* [TASK TO CARRY OUT]: Print the listing below exactly, images excluded.

* [DATA SECTION]:
================

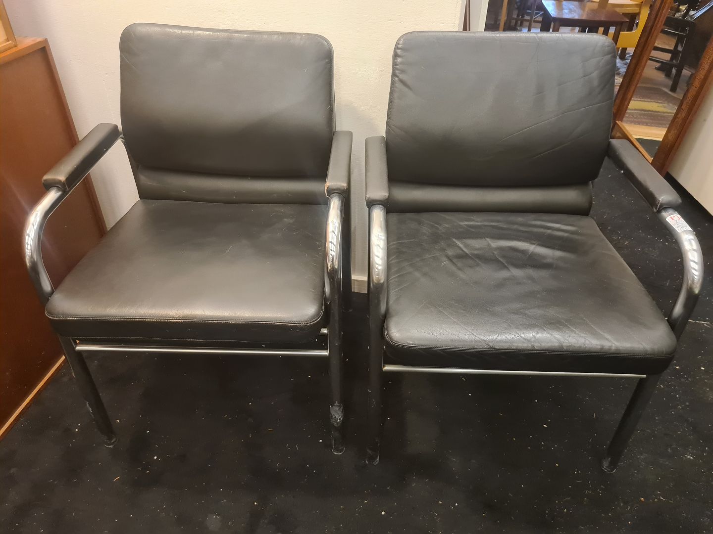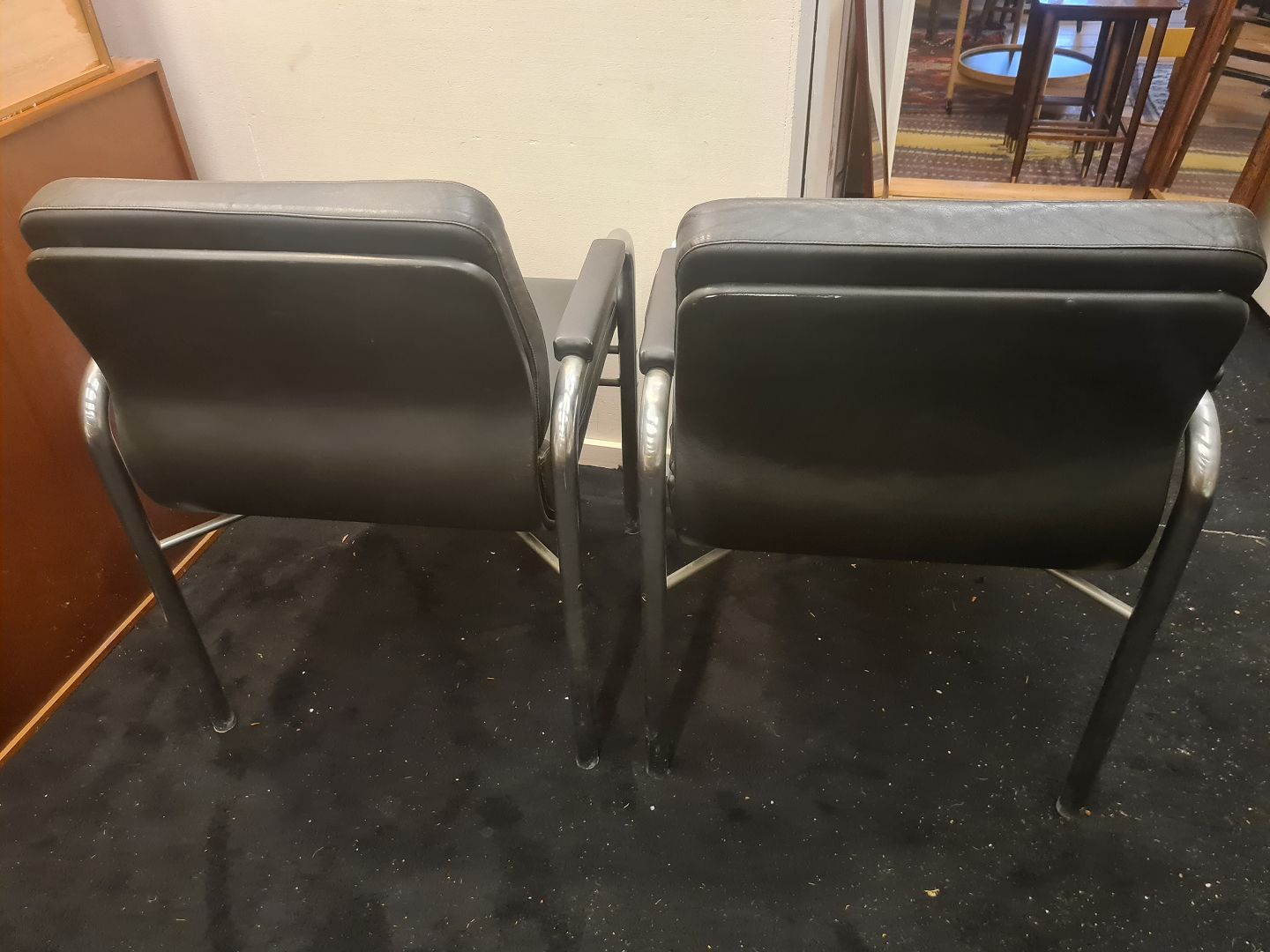 Par armstole produceret hos Fritz Hansen i 1981. Fremstillet i stål og læder. Fremstår gode og stabile dog med lidt overfladiske brugsspor på den ene på sæde og armlæn. (Billede)
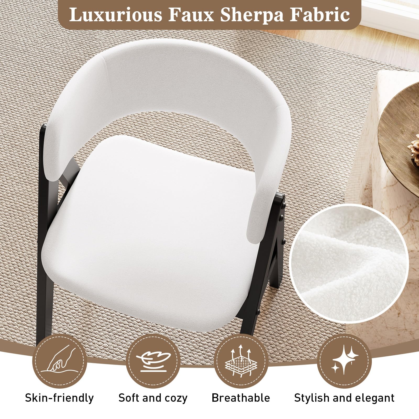 The white faux sherpa upholstery makes the chair stylish and elegant
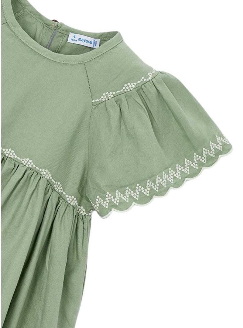 Vestido Mayoral. Modelo plissado. Cor verde. Fecho com botão atrás. Sem mangas. Tecido de chiffon leve plissado. Laço no ombro. Corte em linha A.

================

* [PROBLEM SOLUTION]:
 Par armstole produceret hos Fritz Hansen i 1981. Fremstillet i stål og læder. Fremstår gode og stabile dog med lidt overfladiske brugsspor på den ene på sæde og armlæn. (Billede)
 The white faux sherpa upholstery makes the chair stylish and elegant
 Vestido Mayoral. Modelo plissado. Cor verde. Fecho com botão atrás. Sem mangas. Tecido de chiffon leve plissado. Laço no ombro. Corte em linha A.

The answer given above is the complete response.